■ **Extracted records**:
"""
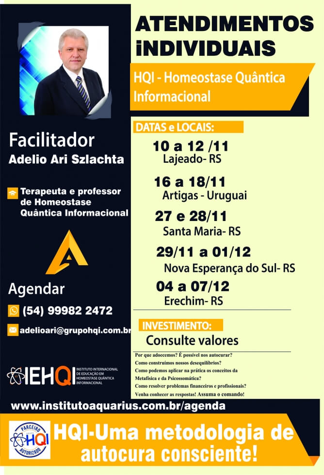 Atendimentos Individuais de Homeostase Quântica Informacional - Terapeuta e Prof. Adelio Ari Szlachta
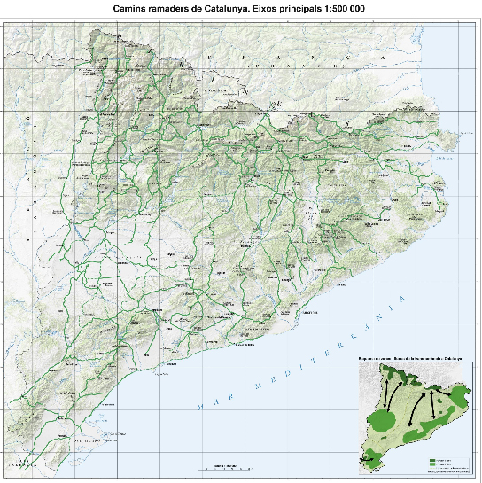 La transhumància consisteix en el desplaçament de ramats de bestiar entre la plana i la muntanya a la recerca de pastures d’hivern i d’estiu, transitant per vies pecuàries. A Catalunya s’estima que la xarxa de vies pecuàries té prop de 20.000 quilòmetres, distribuïts en una quinzena de camins de primer ordre relligats per una extensa xarxa de vies secundàries. Els desplaçaments dels ramats tenen el seu origen en època preromana, però és a partir del segle XII quan es comença a regular l’activitat i es crea una xarxa estable de camins.
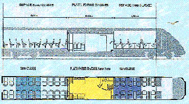Innovations : avec son carénage et la ligne générale des deux éléments les désigners ont réussi à créer un autorail aux formes et aux couleurs modernes correspondant tout à fait à l'ère ferroviaire du TGV. Les formes de la caisse permettent d'exploiter au maximum le gabarit autorisé en largeur. La ligne de baies vitrées continues offre une vision panoramique de chacune des places assises. Les plates formes d'accès central surbaissées facilitent l'accès aux personnes à mobilité réduite.
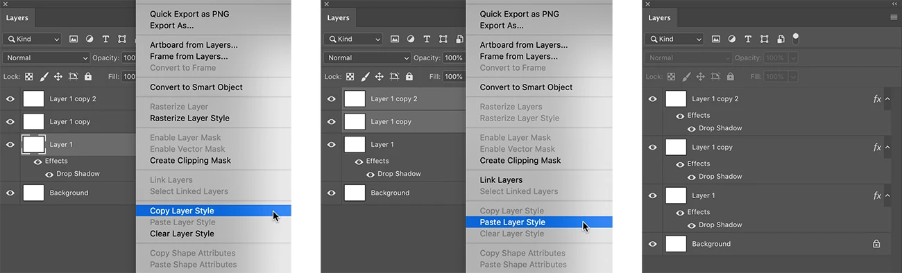 I have the following problem. I have several pictures, each one in a different layer and I want to apply the same effect to all pictures and then export each layer individually. The problem is that if I use an adjustment layer, the effect doesn't apply to the layers when I tell Photoshop to save each layer individually, and if I don't use an adjustment layer, then I have to manually apply the effect to each layer. Is there a way to copy an effect and paste it to every layer without resorting to adjustment layers? Or is there a way to keep the adjustment layer working when using layers to files?
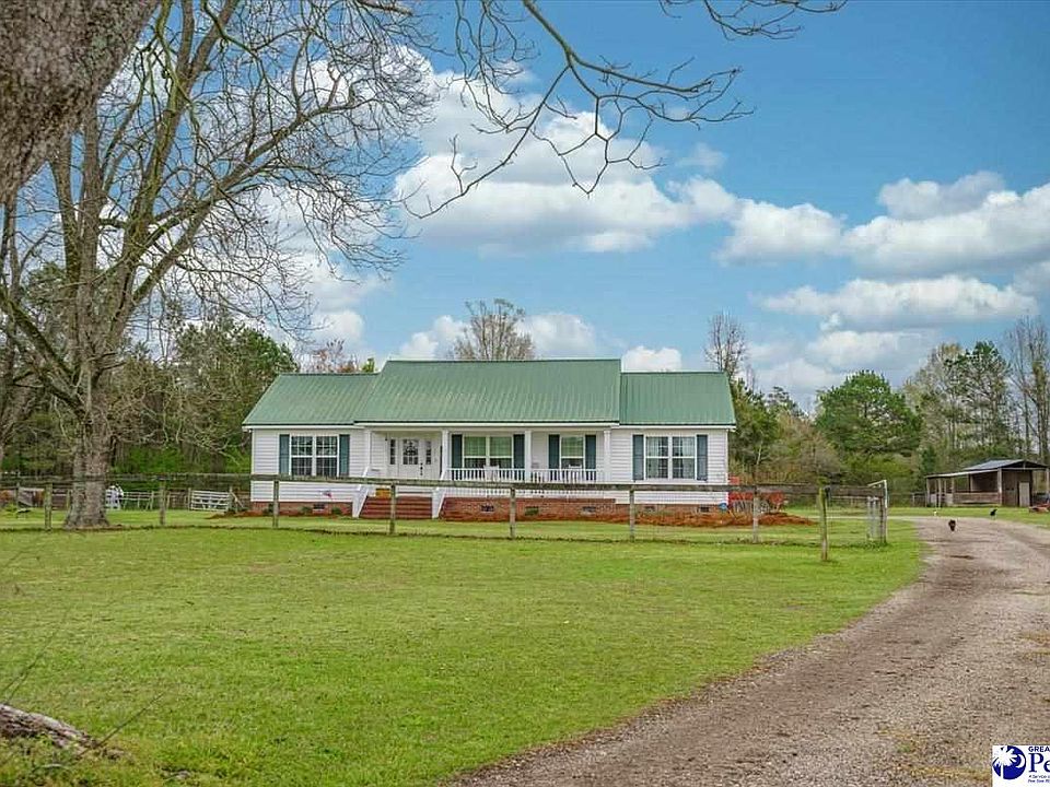 This beautiful 3 bedroom 2 bath home sits on peaceful 5 acres of land! The dream of country living can become reality! Property includes 2 fenced pastures, a 2 stall barn with tack/storage room, 2 bay shop, and large pecan trees. The home features an open floor plan, vaulted ceilings, built in bench with storage, gas log fireplace, double vanities in both bathrooms, garden tub with jets, walk-in closet, and laundry room with utility sink. Enjoy the sunrise/sunset on the front porch or back screened porch. Currently, occupant can pick the Florence District 1 Middle School and High School of your choice. Qualifies for USDA financing! This gorgeous property has so much to offer and will not last long!
"""
■ **WHAT IS REQUIRED**: Would you restate, exactly and with no pictures, the lines of the entries above from the one containing "La transhumància consisteix" through the one containing "I have the following"?

■ **WRITTEN RESPONSE**:
 La transhumància consisteix en el desplaçament de ramats de bestiar entre la plana i la muntanya a la recerca de pastures d’hivern i d’estiu, transitant per vies pecuàries. A Catalunya s’estima que la xarxa de vies pecuàries té prop de 20.000 quilòmetres, distribuïts en una quinzena de camins de primer ordre relligats per una extensa xarxa de vies secundàries. Els desplaçaments dels ramats tenen el seu origen en època preromana, però és a partir del segle XII quan es comença a regular l’activitat i es crea una xarxa estable de camins.
Innovations : avec son carénage et la ligne générale des deux éléments les désigners ont réussi à créer un autorail aux formes et aux couleurs modernes correspondant tout à fait à l'ère ferroviaire du TGV. Les formes de la caisse permettent d'exploiter au maximum le gabarit autorisé en largeur. La ligne de baies vitrées continues offre une vision panoramique de chacune des places assises. Les plates formes d'accès central surbaissées facilitent l'accès aux personnes à mobilité réduite.
 I have the following problem. I have several pictures, each one in a different layer and I want to apply the same effect to all pictures and then export each layer individually. The problem is that if I use an adjustment layer, the effect doesn't apply to the layers when I tell Photoshop to save each layer individually, and if I don't use an adjustment layer, then I have to manually apply the effect to each layer. Is there a way to copy an effect and paste it to every layer without resorting to adjustment layers? Or is there a way to keep the adjustment layer working when using layers to files?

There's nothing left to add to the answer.